Annals of Lung Cancer

ISSN: 2643-5713

Editorial | VOLUME 3 | ISSUE 1 | DOI: 10.36959/825/580 OPEN ACCESS

Nucleobindin-2 mRNA level is down regulated in KRAS-mutation lung cancer cell lines compared with EGFR/BRAF/KRAS wild-type lung cancer cell lines

Noriaki Sunaga1, Hisao Imai2, Junichi Okada3, Eijiro Yamada3, Shuichi Okada3* and Masanobu Yamada3

  • Noriaki Sunaga 1
  • Hisao Imai 2
  • Junichi Okada 3
  • Eijiro Yamada 3
  • Shuichi Okada 3*
  • Masanobu Yamada 3
  • Department of Respiratory Medicine, Gunma University Graduate School of Medicine, Japan
  • Division of Respiratory Medicine, Gunma Prefectural Cancer Center, Japan
  • Department of Medicine and Molecular Science, Gunma University Graduate School of Medicine, Japan

Sunaga N, Imai H, Okada J, et al. (2019) Nucleobindin-2 mRNA Level is Down Regulated in KRAS-mutation Lung Cancer Cell Lines Compared with EGFR/BRAF/KRAS Wild-type Lung Cancer Cell Lines. Ann Lung Cancer 3(1):64-65.

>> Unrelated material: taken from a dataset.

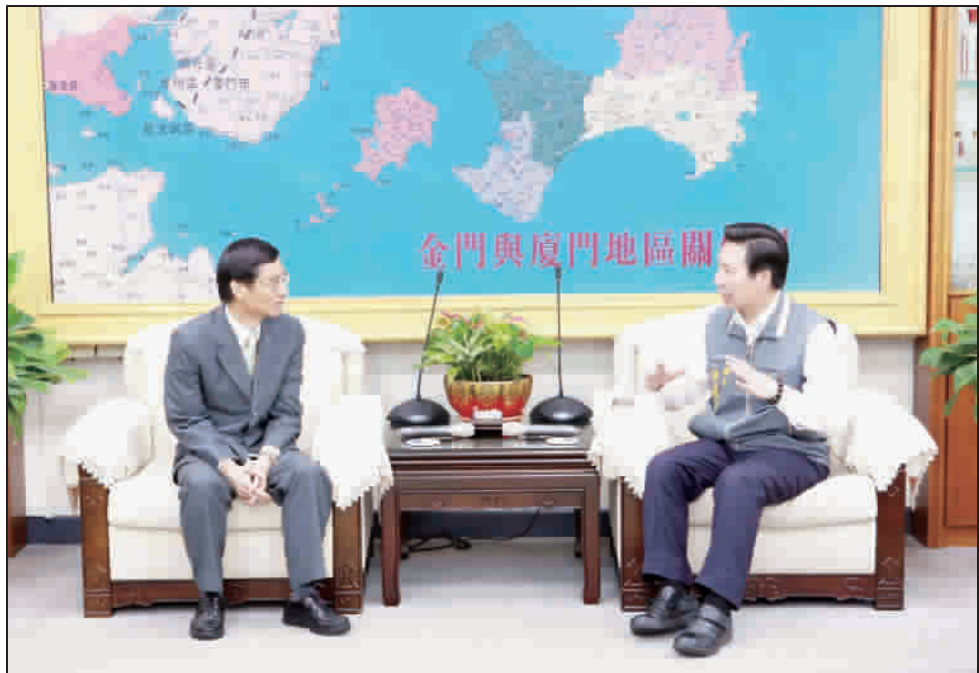
林萬億與陳福海在會中交換意見。

【本報記者楊水鈺、縣府報導】一項由衛生福利部主辦、金門縣政府辦理的「強化社會安全網地方溝通說明會」金門場，於昨日假縣府多媒體簡報室舉行，由行政院政務委員林萬億、縣府社會處長陳世保共同主持。在說明會前，林萬億與隨行的中央官員也拜會金門縣長陳福海，陳縣長把用心想為金門做的事向林萬億講，同時也請他向總統府、行政院來轉達與支持金門好的政策，雙方就金門議題交換意見；林萬億說，做一個地方官，都有這樣的期待！ 行政院政務委員林萬億帶領包括衛福部心理及口腔健康司司長蔣立中、教育部國民及學前教育署科長孫金門等，與金門縣長陳福海、就金門議題交換意見。

Accepted: June 11, 2019 | Published Online: June 13, 2019

Nucleobindin-2 mRNA level is down regulated in KRAS-mutation lung cancer cell lines compared with EGFR/BRAF/KRAS wild-type lung cancer cell lines

Keywords


Lung cancer, Nucleobindin-2, Nesfatin-1, KRAS, qPCR

Abbreviations


EGF: Epidermal Growth Factor; MEK: Mitogen-Activated Protein Kinase; ERK: Extracellular Signal-Regulated Kinase; GAPDH: Glyceraldehyde 3-Phosphate Dehydrogenase

To the editor; Increased Nucleobindin-2 level has been determined as an independent prognostic factor for overall survival of patients [1,2]. However, pathophysiological significance of Nucleobindin-2 in lung cancers remains unclear. In the present study, we examined Nucleobindin-2 mRNA level in various types of human lung cancer cell lines.

Ten of lung cancer cell lines with EGFR/BRAF/KRAS wild-type (H1299, H1819, HCC95, H838, H1437, H661, HCC15, HCC78, H1648, HCC193) and eleven of lung cancer cell lines with KRAS-mutation [KRAS-G12C (H2122, HCC44, H1792, HCC4017, H358), KRAS-G12V (H441), KRAS-G12D (HCC515), KRAS-G12R (H1264, H157), KRAS-G12A (H2009), KRAS-Q61H (H460)] were used [3]. Nucleobindin-2 mRNA level was analyzed by RT-qPCR as previously rescribed [3]. Primers and probes for Nucleobindin-2 and glyceraldehyde 3-phosphate dehydrogenase (GAPDH) were obtained from Ori Gene Technologies (MK203097; Rockville, MD, USA;) and Applied Biosystems (Assay ID: Hs99999905_m1; Tokyo, Japan;), respectively. To normalize the amount of input cDNA, quantitative analysis was performed using the GAPDH as an internal reference. Relative expression values were computed using the comparative cycle threshold (Ct) method. All data in the figure are presented as mean ± standard deviation and were analyzed using one-way ANOVA to compare the means of all the groups. Turkey-Kramer multiple comparisons method was used to determine statistical differences between the means, with p < 0.05 deemed statistically significant using the InStat 2.00 program.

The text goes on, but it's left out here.